DATA UNDER STUDY:
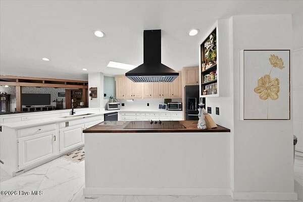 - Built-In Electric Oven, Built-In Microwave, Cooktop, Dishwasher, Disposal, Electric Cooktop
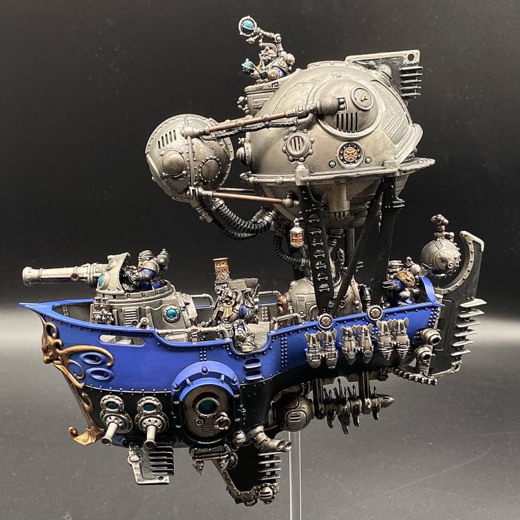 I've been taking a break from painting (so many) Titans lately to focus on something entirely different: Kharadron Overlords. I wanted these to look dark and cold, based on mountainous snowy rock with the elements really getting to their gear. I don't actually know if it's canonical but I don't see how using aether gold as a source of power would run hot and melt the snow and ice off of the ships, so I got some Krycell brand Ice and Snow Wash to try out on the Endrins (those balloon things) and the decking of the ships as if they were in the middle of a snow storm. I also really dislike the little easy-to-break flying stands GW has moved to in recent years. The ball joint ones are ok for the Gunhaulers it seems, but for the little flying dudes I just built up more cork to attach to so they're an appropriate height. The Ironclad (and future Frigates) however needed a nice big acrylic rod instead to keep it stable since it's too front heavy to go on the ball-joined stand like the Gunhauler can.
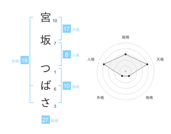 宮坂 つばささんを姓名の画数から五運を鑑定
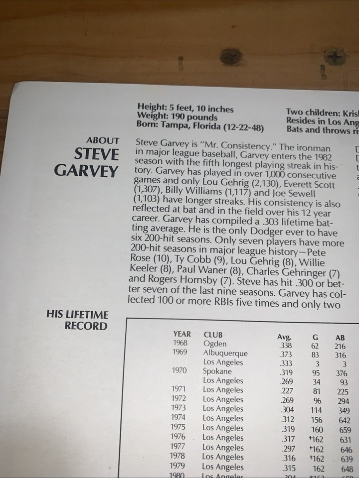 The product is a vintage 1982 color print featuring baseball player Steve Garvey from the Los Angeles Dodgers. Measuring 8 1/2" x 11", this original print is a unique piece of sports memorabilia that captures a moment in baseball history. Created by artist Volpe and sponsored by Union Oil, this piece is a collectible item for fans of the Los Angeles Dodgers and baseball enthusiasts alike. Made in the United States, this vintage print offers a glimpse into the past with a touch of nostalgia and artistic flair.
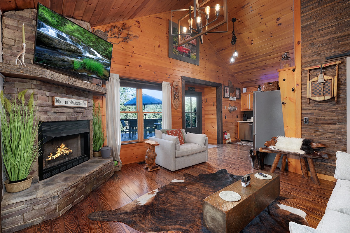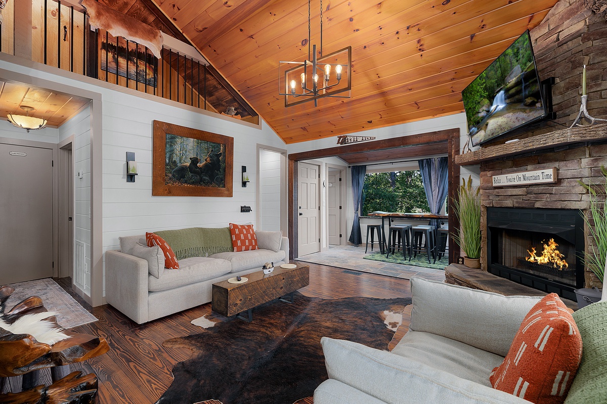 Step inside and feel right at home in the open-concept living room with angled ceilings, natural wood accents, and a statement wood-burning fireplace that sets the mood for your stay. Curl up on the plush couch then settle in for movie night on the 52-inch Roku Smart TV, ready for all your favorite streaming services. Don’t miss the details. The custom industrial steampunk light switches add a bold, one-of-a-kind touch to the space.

* * *

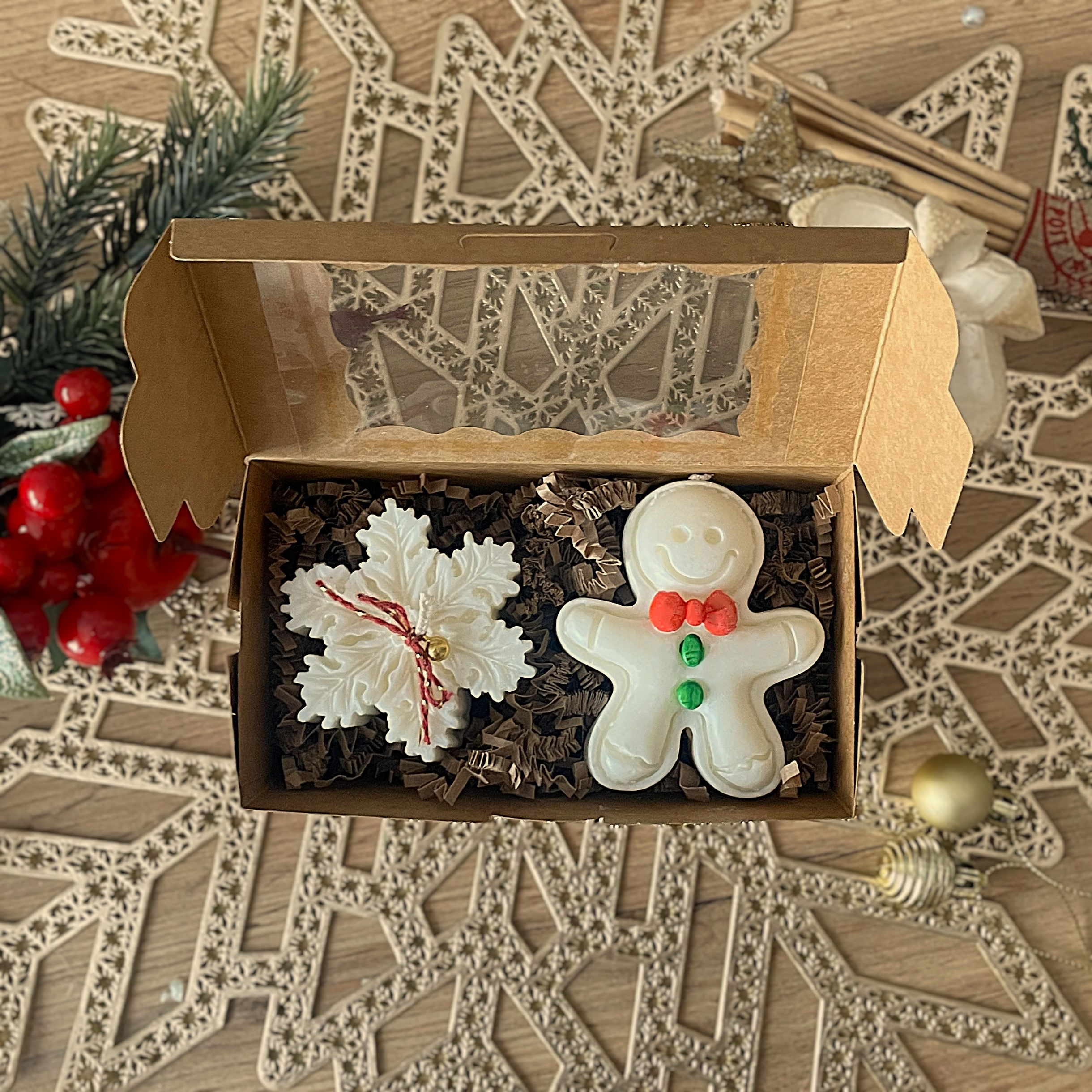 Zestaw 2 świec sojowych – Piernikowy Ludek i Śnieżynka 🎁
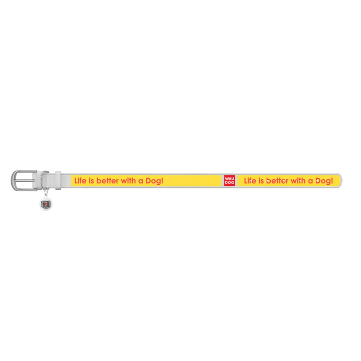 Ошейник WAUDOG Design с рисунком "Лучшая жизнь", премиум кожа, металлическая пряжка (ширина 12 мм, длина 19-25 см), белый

WORK REQUEST:
In the records above, everything from the line with "- Built-In Electric" down to the line with "The product is" is to be set down exactly, both ends included, with no pictures and no other lines.

THE COMPLETED TASK:
 - Built-In Electric Oven, Built-In Microwave, Cooktop, Dishwasher, Disposal, Electric Cooktop
 I've been taking a break from painting (so many) Titans lately to focus on something entirely different: Kharadron Overlords. I wanted these to look dark and cold, based on mountainous snowy rock with the elements really getting to their gear. I don't actually know if it's canonical but I don't see how using aether gold as a source of power would run hot and melt the snow and ice off of the ships, so I got some Krycell brand Ice and Snow Wash to try out on the Endrins (those balloon things) and the decking of the ships as if they were in the middle of a snow storm. I also really dislike the little easy-to-break flying stands GW has moved to in recent years. The ball joint ones are ok for the Gunhaulers it seems, but for the little flying dudes I just built up more cork to attach to so they're an appropriate height. The Ironclad (and future Frigates) however needed a nice big acrylic rod instead to keep it stable since it's too front heavy to go on the ball-joined stand like the Gunhauler can.
 宮坂 つばささんを姓名の画数から五運を鑑定
 The product is a vintage 1982 color print featuring baseball player Steve Garvey from the Los Angeles Dodgers. Measuring 8 1/2" x 11", this original print is a unique piece of sports memorabilia that captures a moment in baseball history. Created by artist Volpe and sponsored by Union Oil, this piece is a collectible item for fans of the Los Angeles Dodgers and baseball enthusiasts alike. Made in the United States, this vintage print offers a glimpse into the past with a touch of nostalgia and artistic flair.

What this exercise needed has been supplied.